Been unsuccessful setting a spark cluster that can read AWS s3 files. The software I used are as follows:
Hadoop 3.2 was built against 1.11.563; stick the full shaded sdk of that specific version in your classpath "aws-java-sdk-bundle" and all should be well.

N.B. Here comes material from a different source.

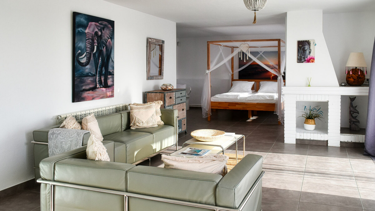 Chambre, 2ème étage, vue sur la mer, dans un autre bâtiment. La chambre propose 1 lit double 180 cm à baldaquin. Salle de bain à l’extérieur de la chambre, privée, avec douche. La chambre inclut également : balcon privé.
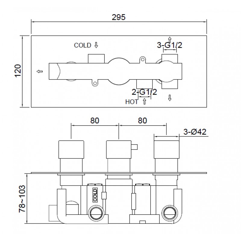 STV4 - Square three handle thermostatic shower valve 3-outlet

The SDK has been "fussy" in the past...and upgrade invariably causes surprises. For the curious Qualifying an AWS SDK update. It's probably about time someone does it again.
I was able to solve this issue on Spark 3.0/ Hadoop 3.2. I documented my answer here as well - AWS EKS Spark 3.0, Hadoop 3.2 Error - NoClassDefFoundError: com/amazonaws/services/s3/model/MultiObjectDeleteException
Use following AWS Java SDK bundle and this issue will be solved -
aws-java-sdk-bundle-1.11.874.jar (https://mvnrepository.com/artifact/com.amazonaws/aws-java-sdk-bundle/1.11.874)
So I cleaned-up everything and re-installed the following versions of jars and it worked: hadoop-aws-2.7.4.jar, aws-java-sdk-1.7.4.2.jar. Spark install version: spark-2.4.7-bin-hadoop2.7. Python version: Python 3.6.